In the meantime MINI is hoping that’s its upcoming Countryman E plugin hybrid will help fill the gap. What do you think? Does MINI need an full electric car? Or will a plugin hybrid satisfy any need for electrification?

Related: MotoringFile’s MINI E Review

  • Rikki Loades

    Ultimately, given that Petrol (fossil fuels) are a finite resource and using them destroys the planet and the future economy the car industry just needs to start investing now in full electrification of the drivetrains. It will only cost more to delay.

    They need to not run these as s side project where weird, impractical and controversial decisions get made.

    Electrification will a large extent isolate the design of car drivetrains from any changes to the way energy is generated.

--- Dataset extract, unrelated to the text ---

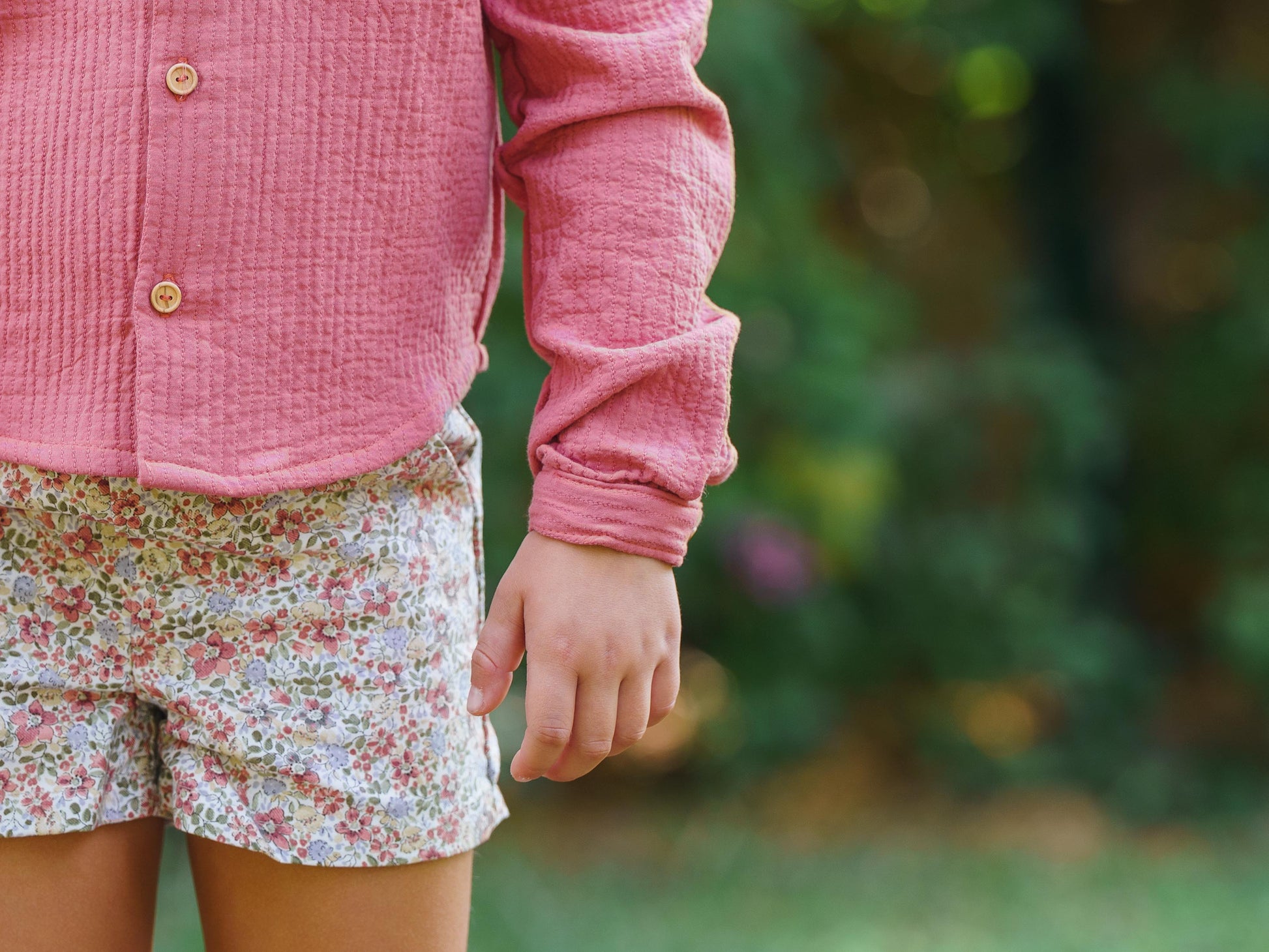 El Pantalón Corto “Abeto” es una prenda versátil y cómoda, perfecta para acompañar a los más pequeños durante los meses de otoño e invierno. Confeccionado en 100% algodón, su tejido floral en tonos beige, burdeos y verde oliva aporta un aire cálido y natural, ideal para crear conjuntos coordinados llenos de encanto.

    Tesla is going to do to the car industry what Apple did to the pre-iPhone phone industry if things don’t change, and don’t change fast. I love MINI, more so than Tesla but i cant help but the trajectory Tesla is on is just a better future.

    The i3 failed simply because its a poor car. Sure you can get in and appreciate specific aspects about it. But it falls short on the two major areas: looks and range. Its also out of most people’s price range. I do not think the fact that it was electric has caused it to fail, many bad design decisions and other engineering challenges like the carbon fibre chassis which ends up making it cost too much failed it.

    The automotive press needs to wake up and remove this bias towards fossil fuels and realise electric can be great.

    Put the same care into an electric car that you would an petrol car and it can be great :).

    I really hope we see an electric mini that can rival the Tesla in some ways in the very near future.

  • Nick Dawson

    Details of BMW’s new electric car strategy will be tabled by BMW Chairman, Harald Krüger, at a BMW board meeting scheduled for the end of September. The timing of this meeting means BMW will likely make its new electric car plans official at the Paris motor show on October 1st.